本発明によれば、酸素濃度や電離放射線の照射強度分布等の処理装置特有の影響を受けることなく、均等な硬化度の塗膜が高効率で得られる。
本発明の実施形態を説明するための図で、磁気記録テープにおける支持体上の塗膜の層構成を示す概略的な断面図である。 磁気記録テープの製造装置を模式的に示す全体構成図である。 放射線照射部を概略的に示す構成図である。 加熱部の構成を模式的に示す構成図である。 電子線照射後の非磁性層の表面温度と非磁性塗布層の未硬化成分の割合の関係を示すグラフである。 放射線照射部の要部における制御ブロック図である。 他の構成例における放射線照射部の要部を模式的に示した上視図である。 図7の放射線照射部が電子線を照射した際の支持体幅方向に対する吸収線量の分布を示すグラフである。

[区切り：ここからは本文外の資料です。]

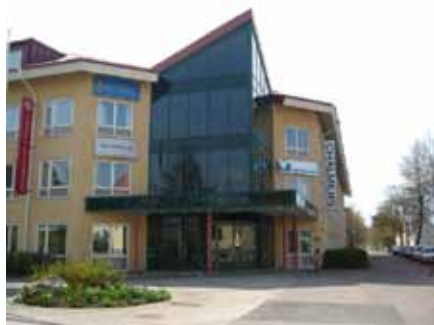
High Voltage Valley i Ludvika arbetar med att vidareutveckla och stärka regionens världsledande ställning inom elkraftsteknik.

Dalarnas forskningsråd utvärderar projektets arbete genom följeforskning. Det övergripande målet för följeforskning är att skapa förutsättningar för
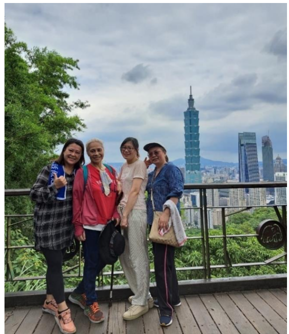
20230722 原民堂馬大與馬利亞團契- 象山健行活動
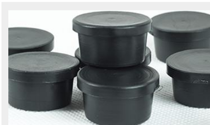
TAPÓN PLÁSTICO PARA FIN DE TUBO TAP

以下、本発明の実施形態について、図面を参照して詳細に説明する。以下、磁気記録媒体の一例として磁気記録テープの製造手順とそれに用いる塗膜硬化装置及び磁気記録媒体製造装置の構成を説明する。
図1は本発明の実施形態を説明するための図で、磁気記録テープにおける支持体上の塗膜の層構成を示す概略的な断面図である。製造される磁気記録テープMTは、支持体11上に、非磁性層13と、磁性層15とが積層されている。
図2は、磁気記録テープMTを製造する製造装置(磁気記録媒体製造装置)を模式的に示す全体構成図である。

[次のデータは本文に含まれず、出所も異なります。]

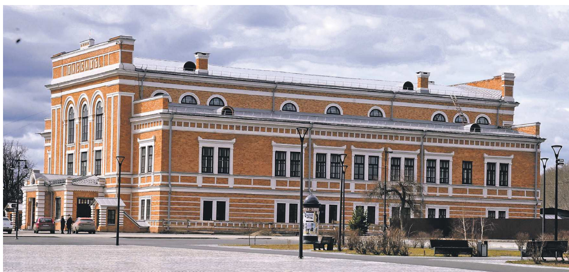
Пассаж, один из символов Ирбита, откроется после реставрации в 2026 году

ный жилой дом – планируем построить до конца текущего года: 35 квартир в нем будут предоставлены жильцам аварийных домов, 9 – врачам, 9 – педагогам.
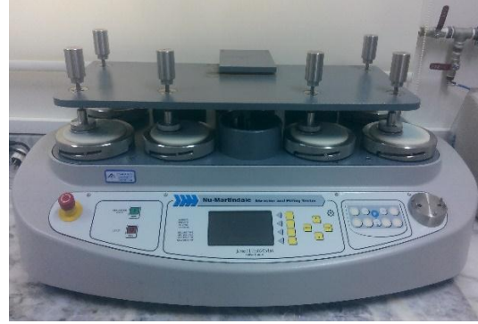
James H. Heal marka, Nu-Martindale model aşınma ve boncuklanma test cihazı.

Çene aparatları değiştirilerek ipliklerde kopma mukavemeti, kumaşlarda kopma, yırtılma, dikiş mukavemeti, dikiş kayması vb. germe-çekme esasına dayalı birçok mukavemet testi yapılmaktadır.
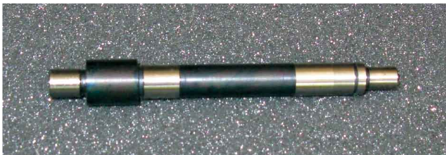
Axe de machine trempé-rectifié.

grande prudence par des investissements ciblés et échelonnés, de façon à garantir un complet autofinancement.
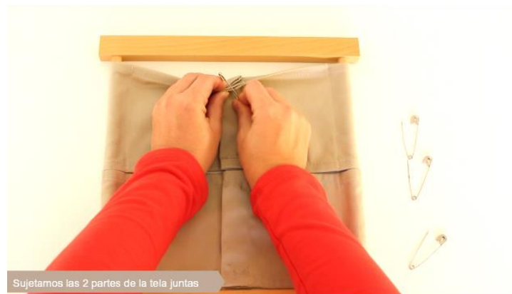
Sujetamos las 2 partes de la tela juntas

製造装置100は、長尺帯状の支持体11が巻回された送り出しロール17と、非磁性層13と磁性層15とがこの順で形成されて搬送される支持体11を巻き取る、巻き取りロール19を有している。この製造装置100は、送り出しロール17から送り出された支持体11を搬送経路に沿って搬送しながら、磁気記録テープMTを製造するものである。

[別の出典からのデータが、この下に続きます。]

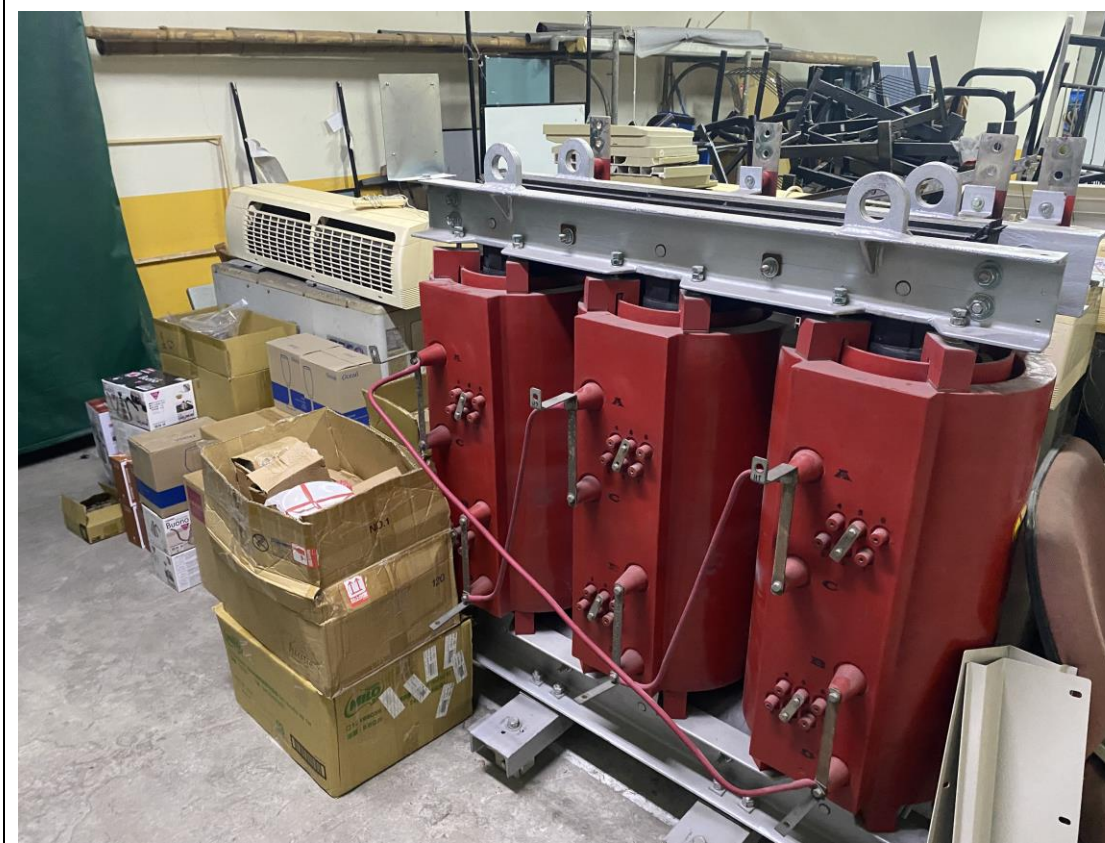
冷氣及油浸式變壓器

製造装置100は、搬送される支持体11の搬送方向の上流側から順に、非磁性塗布液塗布部21と、非磁性塗布液乾燥部23と、放射線照射部25と、磁性塗布液塗布部27と、磁性塗布液乾燥部29とを備えている。また、支持体11の搬送経路には、搬送される支持体11の記録面(磁性層及び非磁性層を設けらる側の面)の反対側を支持するガイドローラが適宜設けられている。
非磁性塗布液塗布部21は、非磁性粒子と、放射線硬化性材料とを含む非磁性塗布液を支持体11の上面に塗布し、非磁性塗布層(塗膜とも呼称する)を形成する。
非磁性塗布液乾燥部23は、非磁性塗布液塗布部21で形成された非磁性塗布層を乾燥させる。非磁性塗布層は、非磁性塗布液乾燥部23で溶剤が乾燥され、その後、支持体11が搬送経路の下流側に配置される放射線照射部25へ搬送される。これら非磁性塗布液塗布部21及び非磁性塗布液乾燥部23は塗膜形成部を構成する。
放射線照射部25は、非磁性塗布層に電離放射線を照射して、非磁性塗布層を硬化させる塗膜硬化装置として機能する。非磁性塗布層は放射線照射によって所望の硬化度まで硬化されて、非磁性層13(図1参照)になる。
磁性塗布液塗布部27は、硬化された非磁性層13上に、磁性粒子を含む磁性塗布液を塗布し、磁性塗布層を形成する。磁性塗布層は、湿潤状態のまま搬送経路の下流側へ搬送される。
磁性塗布液乾燥部29は、湿潤状態の磁性塗布層を乾燥させる。磁性塗布液乾燥部29には、湿潤状態の磁性塗布層に含まれる磁性粒子を配向させる配向部が設けられていてもよく、又は、配向部が磁性塗布液塗布部27の搬送経路の下流側で磁性塗布液乾燥部29の間に別途設けられていてもよい。磁性塗布層は、乾燥することで磁性層15(図1参照)となる。上記磁性塗布液乾燥部29は磁性層形成部として機能する。
磁性層15及び非磁性層13が形成された支持体11は、巻き取りロール19に巻き取られて、図示しないカレンダー工程等の次工程に送られた後、所望のテープ幅に裁断され、磁気記録テープが完成する。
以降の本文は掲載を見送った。